Mary Sue
Mary Sue is a fictional character from fan fiction who is written to not have any flaws to the point where other characters love them but the audience hates them.
Paula Smith
In 1973, a woman named Paula Smith ran a magazine that published Star Trek fan fiction and most people who wrote for the magazine were women. Smith complained that a lot of them liked to imagine themselves as being in the story, so they would write about Captain James T. Kirk and Mister Spock loving the female protagonist. Smith wrote the short story, A Trekkie’s Tale, in 1974 as a parody of Star Trek fan fiction.

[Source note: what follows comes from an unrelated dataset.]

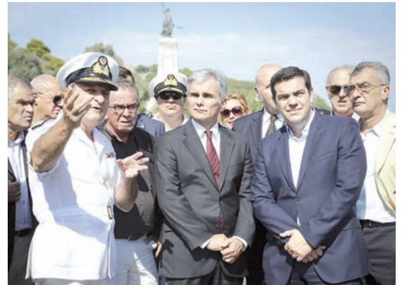
Der griechische Regierungschef Tsipras (2.v.l.) und sein österreichischer Kollege Faymann (M) machen sich ein Bild von der Lage der Flüchtlinge auf der Ostägäisinsel Lesbos.

In the short story, Mary Sue becomes a lieutenant in Starfleet at fifteen and a half, Captain Kirk falls in love with her, and he makes her the new captain. Spock says this is logical and Doctor Leonard McCoy thinks she is a better leader than Kirk was. Mary Sue dies to save the Universe and is declared the greatest hero ever to exist.
Fan Fiction
After Paula Smith wrote A Trekkie’s Tale in 1974, people started to criticize Star Trek fan fiction. By the 1980s, people started to say that as a criticism of fan fiction for other franchises like Star Wars but at the time, the name “Mary Sue” was only ever used for fan fiction characters.
Wesley Crusher
In 1987, Gene Roddenberry, whose middle name was Wesley, created a show called Star Trek: The Next Generation and said that his favorite character in it was Wesley Crusher. People who criticized the show often said Wesley Crusher was a Mary Sue.
Star Wars
Anakin Skywalker in The Phantom Menace was sometimes said to be a Mary Sue. And since then, there’s been debate about if Rey (Star Wars) were a Mary Sue, some saying she was and some saying she wasn’t.